Términos homónimos son los que se escriben igual pero no tienen el mismo significado. Caso de “partido” o de “político”, según se utilicen cada uno de ambos:

  • - Nos fijamos en la expresión “partido político”, donde el sustantivo es “partido” y el adjetivo que le acompaña y matiza es “político”.
  • - Pero si bailamos los conceptos: “político partido” sustantivando lo político, el “partido” abandona su categoría de nombre común para convertirse en participio adjetivado. La expresión obtenida cambia radicalmente, y solo consigue calificar a los políticos y a sus partidos como elementos divididos en varios trocitos.

Pareciera que el subconsciente gramatical se entretuviese aquí con la travesura de trasladar un simple juego de palabras a la realidad. Pues se constata que casi todos los personajes públicos andan a la greña por dentro; malgastando la energía que debieran dedicar al servicio del pueblo, en intrigas palaciegas y conspiraciones individuales al abrigo soterrado de una falsa entrega a su ideario electoralista.

Con mayor o menor intensidad, cada grupo político, de los muchos que asolan nuestro escenario patrio, se halla dividido en facciones cual azulejos en formación de mosaico, que pueden dibujar dos o más paisajes temáticos, como bloques monolíticos poco conciliables. El problema es que cada baldosita es a su vez un núcleo de energía explosiva con aspiraciones personales trepadoras, a costa de lo que sea; con mirada torva al compi cercano y zancadilla preparada para el coleguita más próximo; silbando al techo para evitar la tarjeta amarilla. El más espabilado, o la más listilla, es quien logra encaramarse bajo la axila del líder para, al menor descuido, tirarle del brazo en plan broma para un “quítate tú que me pongo yo”. Es lo habitual que dentro del equipo se formen bloques de un lado y otro para conspirar contra el camarada de enfrente y maquiavelar lo suficiente para medrar dentro del subgrupo organizado; que tiempo habrá luego de escalar a codazo limpio contra los más allegados.

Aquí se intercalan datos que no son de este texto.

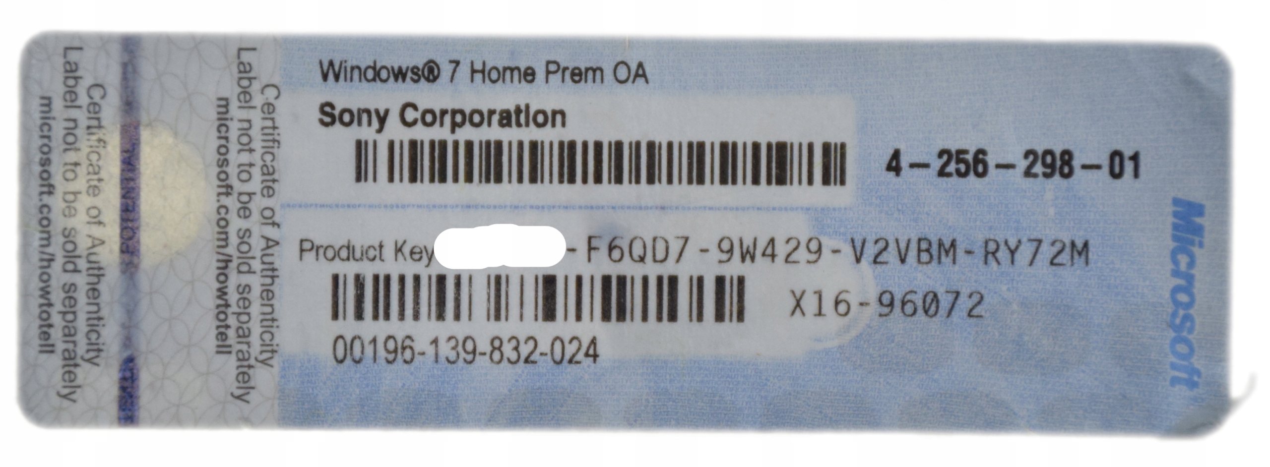 ЛІЦЕНЗІЯ НА НАЛІПКИ WINDOWS 7 SONY HOME PREMIUM

Son especie aparte, integrados todos en el género humano pero con peculiaridades que los diferencian de las personas normales. Se sienten especiales y apartados del grueso de la sociedad a la que, en teoría y ficticiamente, dicen representar; cuando en realidad la menosprecian y solo dedican su esfuerzo al beneficio propio y de sus intereses individuales que, entre otros, consisten en, una vez aferrados a la poltrona, colocar a parientes y amistades como baldosines bien pegados a su vera en el mosaico de colorines como homenaje al nepotismo.

Es difícil encontrar excepciones que confirmen esta regla de fracturas múltiples en los entresijos de las tribus políticas, pues todos estos grupos, si superan una situación grave de división interna y consiguen la unidad, forzada por la disciplina de partido –en contra de la artificiosa y precaria “democracia interna”–, indefectiblemente se resquebrajarán de nuevo en un futuro más o menos inmediato. Todas estas formaciones pasan por el mismo trance en determinado momento de su trayectoria, cuando se monta el cirio interno de las disensiones y la confrontación personal, que hasta pueden llegar a liquidar el partido. Pero si lo superan eventualmente, no hay duda: en breve volverán a repartirse estopa entre ellos.

Lo más lamentable es que el pueblo soberano no tenga más remedio que meter la mano en una pecera de pirañas donde buscar defensa de sus derechos y protección para sus legítimos intereses.

Hoy me he sentido demasiado propenso a generalizar. Pecado venial por el que pido disculpas.